I am sending data related to two disks to prometheus. I want to alert if metrics of one disk stops sending metrics. Say I have diskA and diskB and I am collecting disk_up metric. Now diskB failed. In prometheus
disk_up{disk="diskA"}
will have data and
disk_up{disk="diskB"}
will be missing
absent(disk_up)
will be 0 since disk_up have diskA's data.
absent(disk_up{disk="diskB"})
will serve the purpose. But I don't want to hardcode the disk names.
Can I know which is the better way to setup an alert for this scenario.
You could use something like this:
max_over_time(disk_up[1h])
unless
disk_up
I.e. the metric existed at any time during the past 1 hour but doesn't exist now.
You will get a false positive if a disk_up
metric pops up for some diskC
, though. Or if the metric gets or loses one label due to the exporter or your Prometheus configuration.

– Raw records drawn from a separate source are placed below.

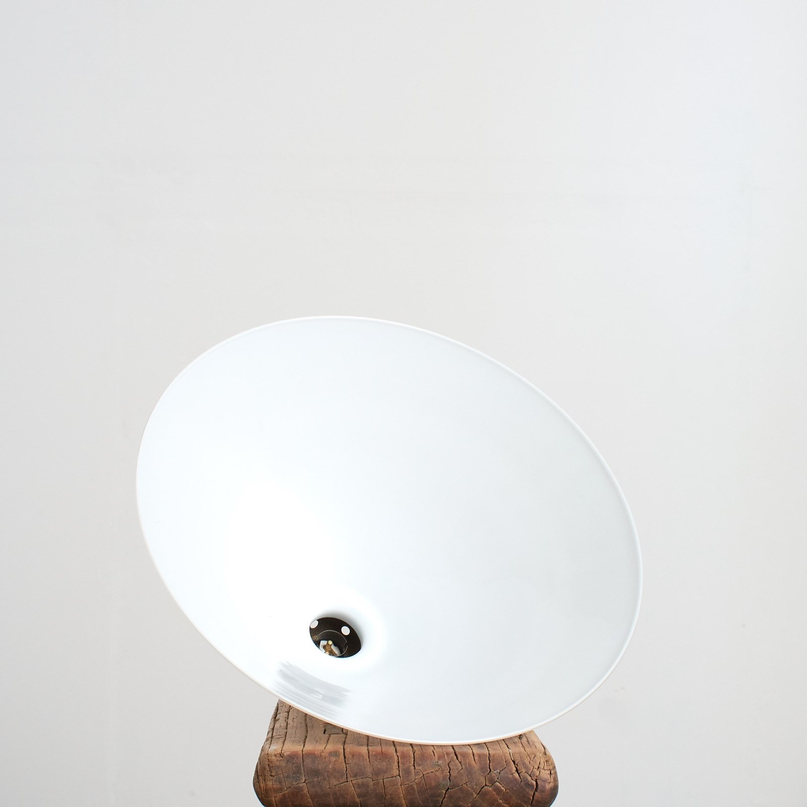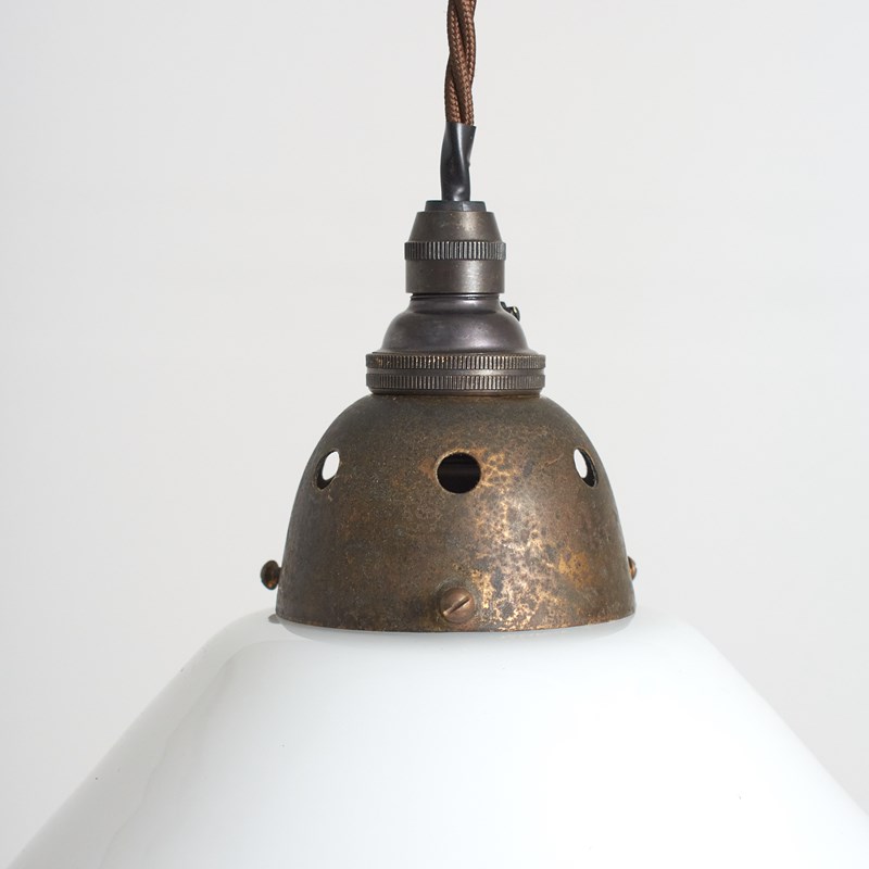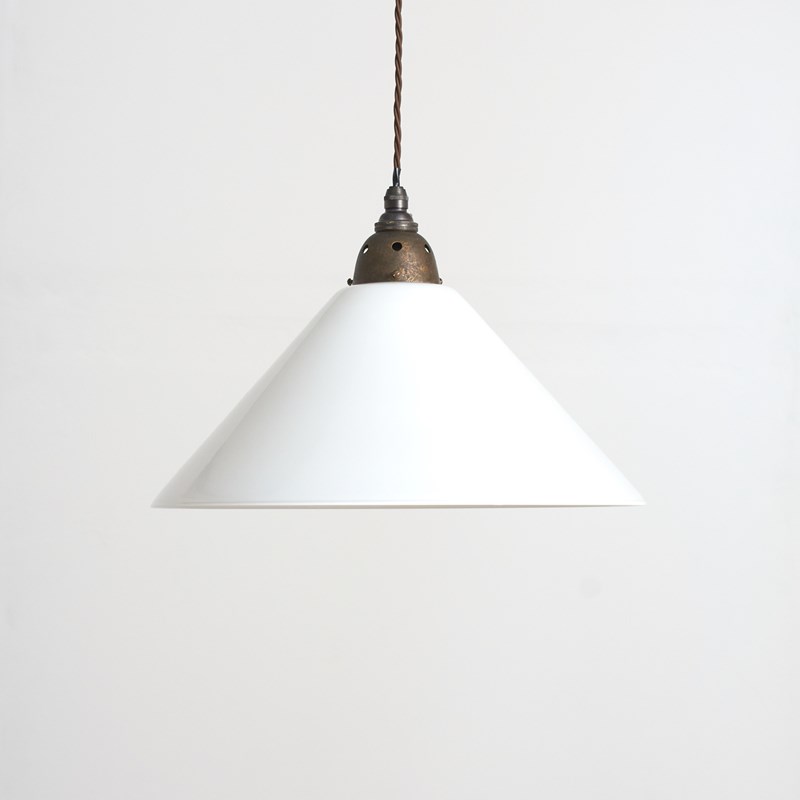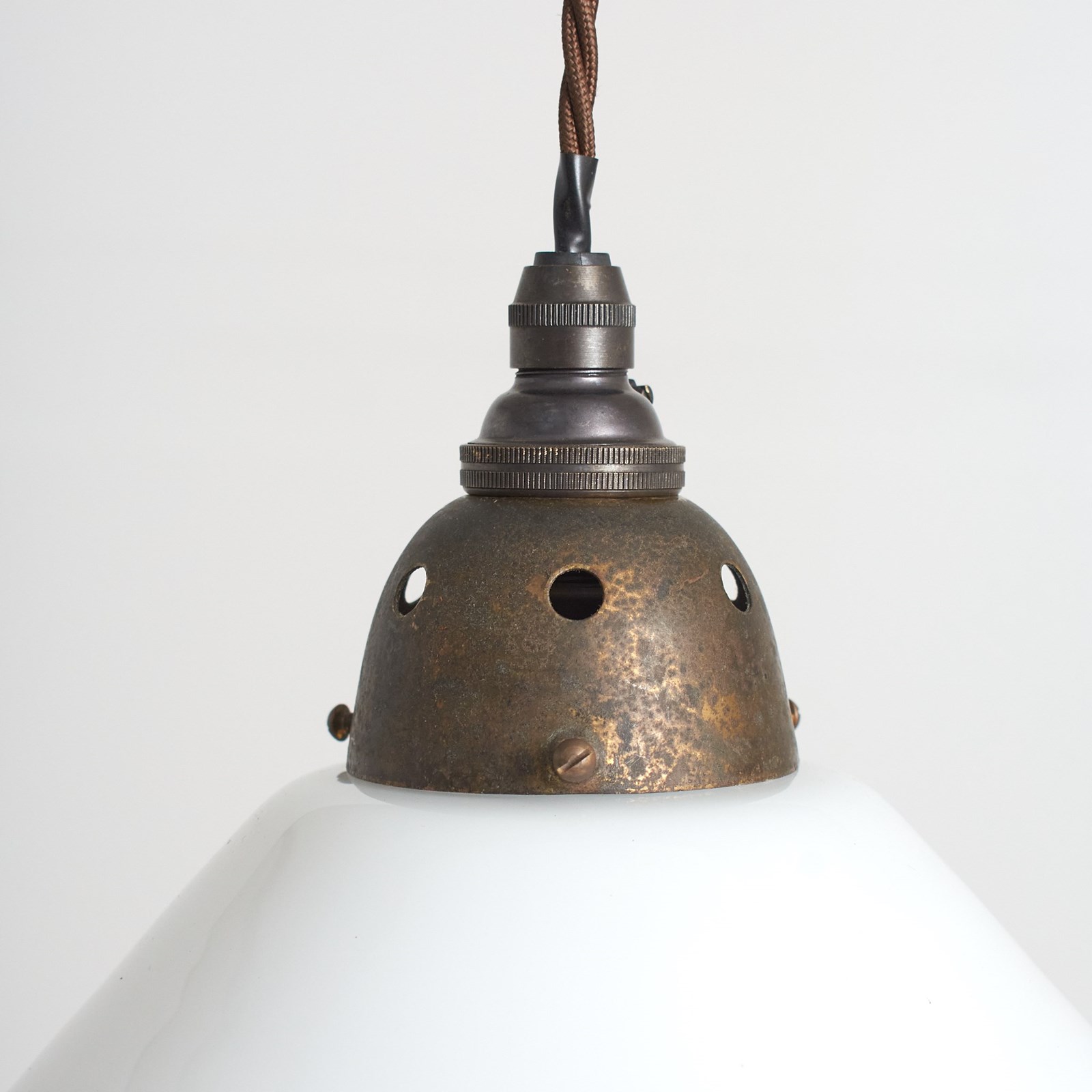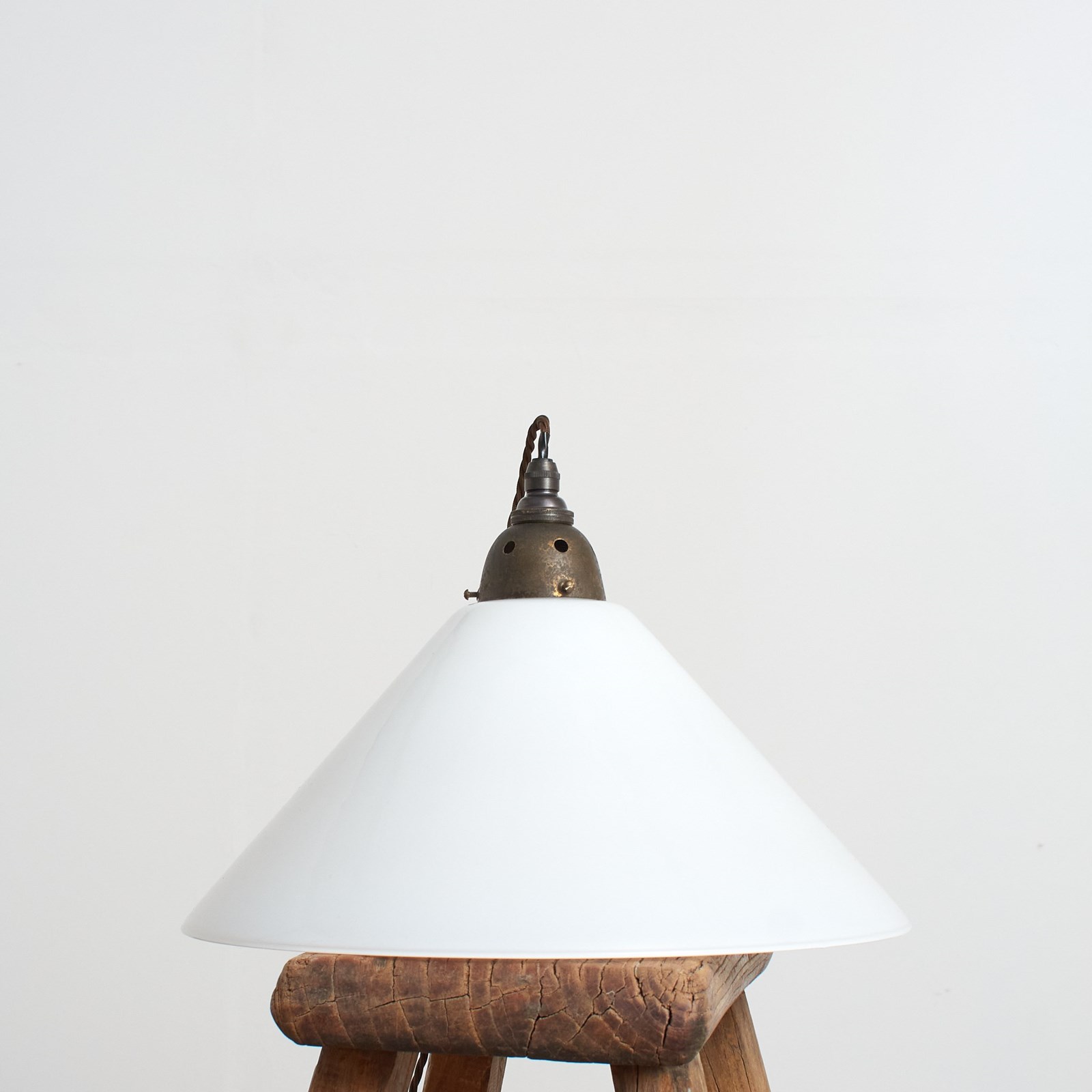 A larger than standard glass coolie pendant light. The conical milk glass shade has been hand spun from opaque glass. The light has an original antique aged brass gallery. Great as a task light in the kitchen or work room.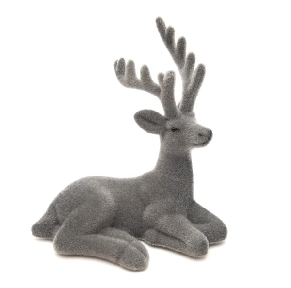 4. Renifer leżący szary flokowany jelonek dekoracyjny 15 cm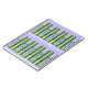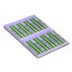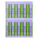 Grüne Skier auf lila Notebook Notizblock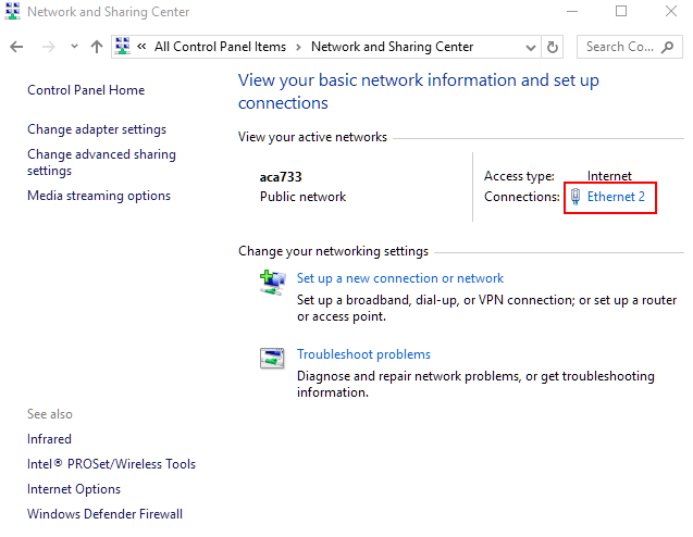 - Click the Ethernet link located next to Connections: and then Properties in the popup window.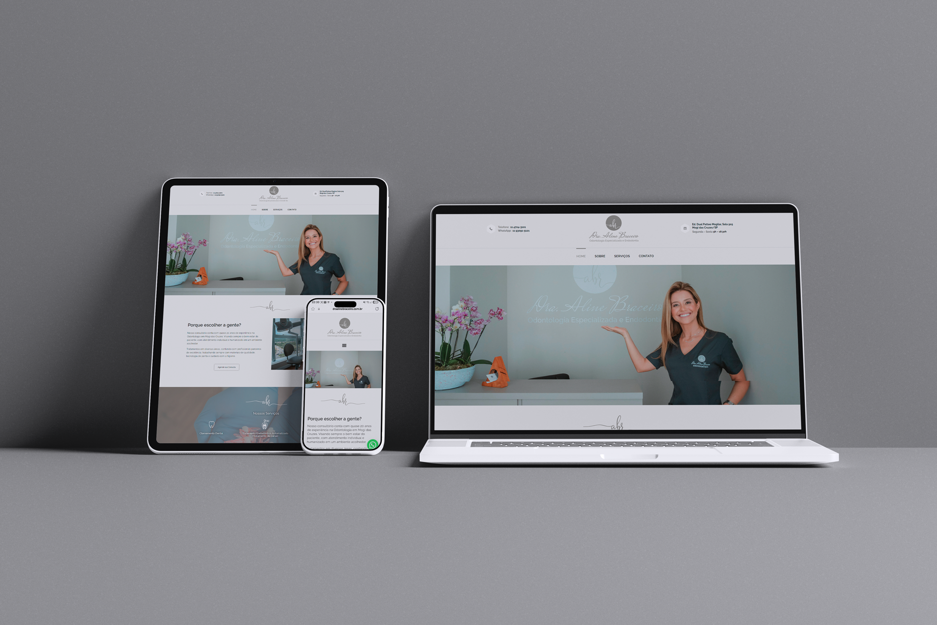 Criamos o website institucional da Dra. Aline Braceiro, especialista em endodontia há quase 20 anos em Mogi das Cruzes. O site destaca o atendimento humanizado e individualizado do consultório, com foco em tecnologia, qualidade e confiança, refletindo a paixão da profissional pela odontologia e pelo cuidado aos pacientes.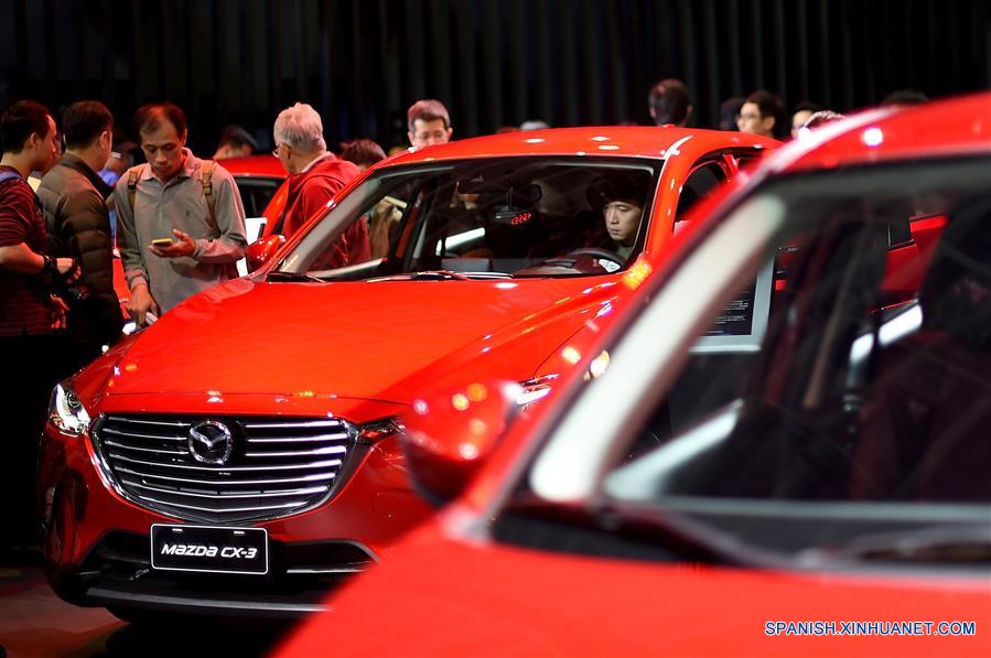 Ciudadanos observan los automóviles Mazda en la Exposición de Automóviles, en Taipei, Taiwan, en el sureste de China, el 30 de diciembre de 2017. Un total de 350 automóviles nuevos de 41 fabricantes de automóviles fueron exhibidos en la exposición que abrió el sábado. (Xinhua/Yue Yuewei)
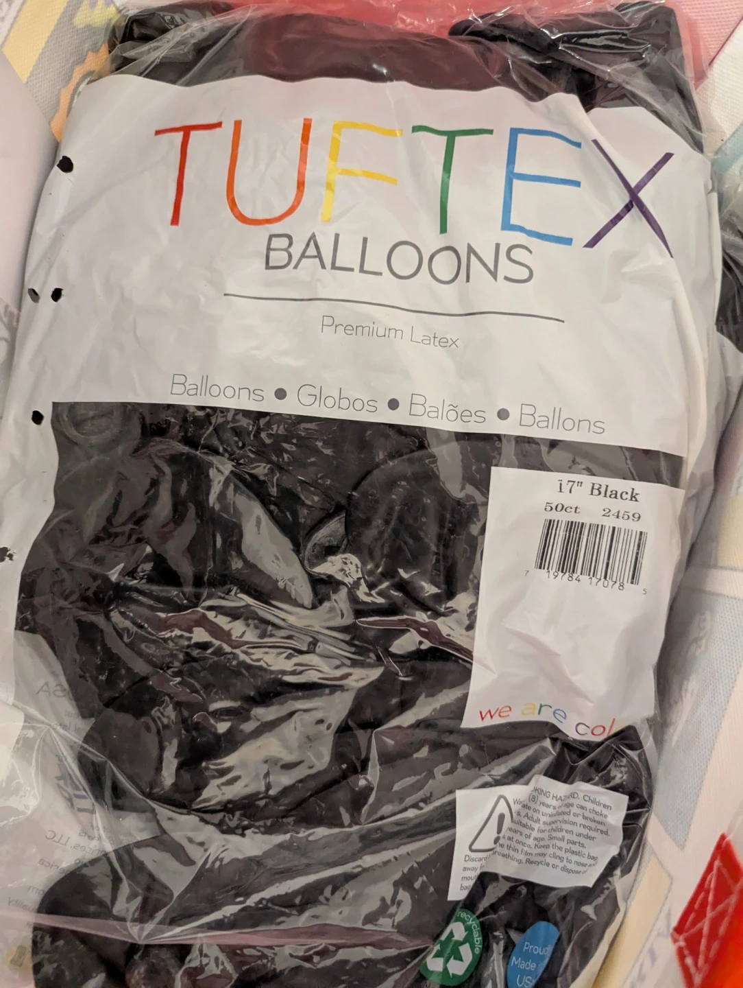 Brand new, Selling a pack of Tuftex premium latex balloons. These are 17-inch balloons in black. The pack contains 50 balloons.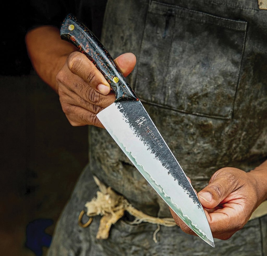 Connecting culture to craftsmanship is a “breath of fresh air” to Quintin Middleton. His roots stem from the Gullah Geechee community, historically centered along the southeastern coast. Initially, Middleton shied away from connecting bladesmithing to his background, but his deeper understanding of the resilience of the Gullah Geechee people soon reflected in his work. “They may take nothing and make something that’s usable, that can inspire. From a chef’s standpoint, they’ll take anything that can be curated into a whole meal made with passion and love.”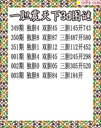 一胆震天下独胆2026003期3d图谜(原创)-【3d字谜】福彩3D今日3d字谜总汇大全_3D谜语专区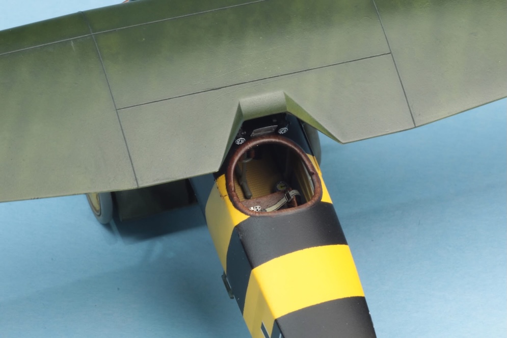 It appears that early versions of the aircraft had a weight attached to the aerial wire keeping it taut when the cockpit canopy was opened. This was not present on the later aircraft and the loose wire often caused damage to the paintwork on the rear of the canopy. This was replicated using Alclad Aluminium sprayed on before the main camouflage and masked using masking fluid dabbed on with a piece of torn sponge.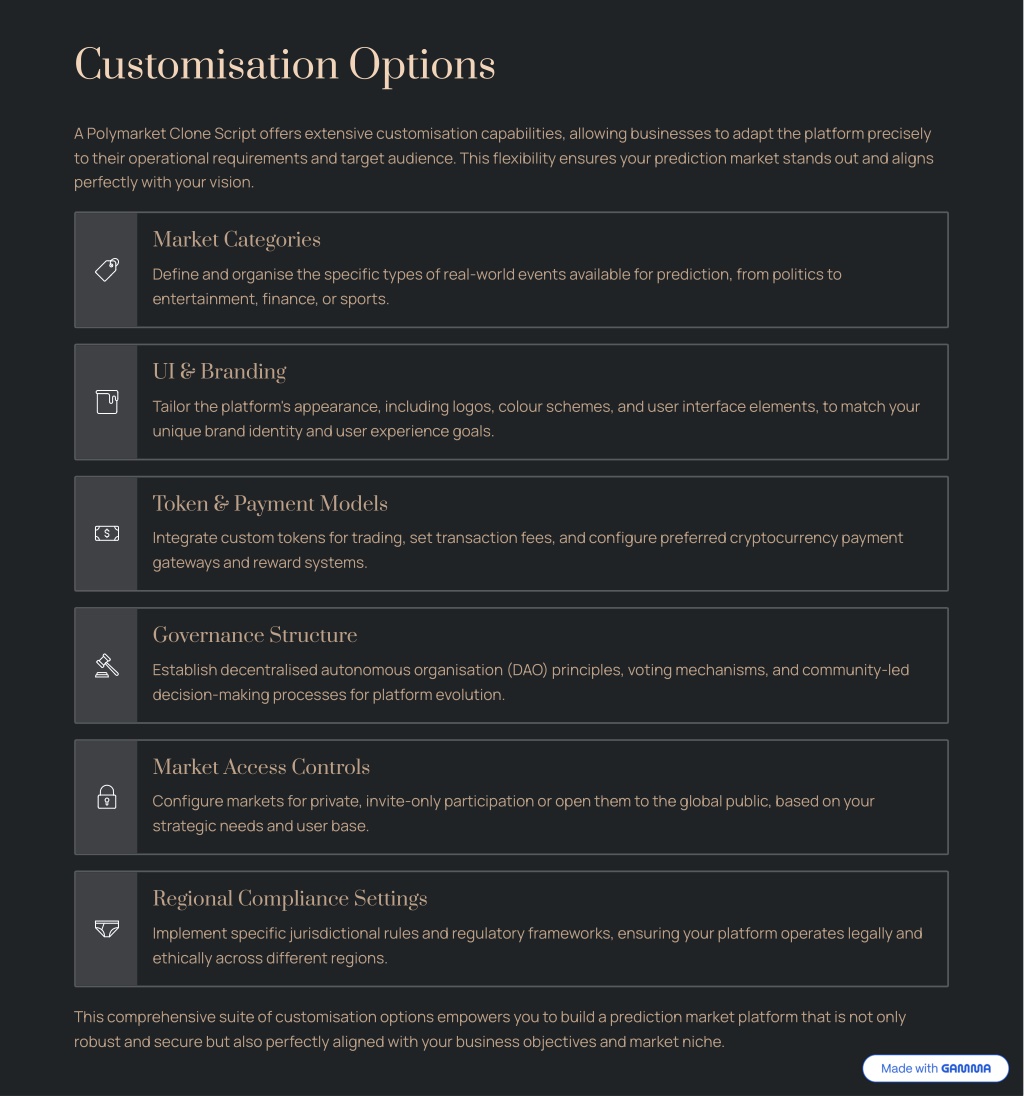 Customisation Options A Polymarket Clone Script offers extensive customisation capabilities, allowing businesses to adapt the platform precisely to their operational requirements and target audience. This flexibility ensures your prediction market stands out and aligns perfectly with your vision. Market Categories Define and organise the specific types of real-world events available for prediction, from politics to entertainment, finance, or sports. UI & Branding Tailor the platform's appearance, including logos, colour schemes, and user interface elements, to match your unique brand identity and user experience goals. Token & Payment Models Integrate custom tokens for trading, set transaction fees, and configure preferred cryptocurrency payment gateways and reward systems. Governance Structure Establish decentralised autonomous organisation (DAO) principles, voting mechanisms, and community-led decision-making processes for platform evolution. Market Access Controls Configure markets for private, invite-only participation or open them to the global public, based on your strategic needs and user base. Regional Compliance Settings Implement specific jurisdictional rules and regulatory frameworks, ensuring your platform operates legally and ethically across different regions. This comprehensive suite of customisation options empowers you to build a prediction market platform that is not only robust and secure but also perfectly aligned with your business objectives and market niche.

You can avoid the former by explicitly filtering for the disks/instances/whatever you are interested in, but that would defeat your goal of not hardcoding them. It is probably the wiser thing to do though:
max_over_time(disk_up{disk~="disk(A|B)"}[1h])
unless
disk_up{disk~="disk(A|B)"}
Or at least
max_over_time(disk_up{job="my_disk_job"}[1h])
unless
disk_up{job="my_disk_job"}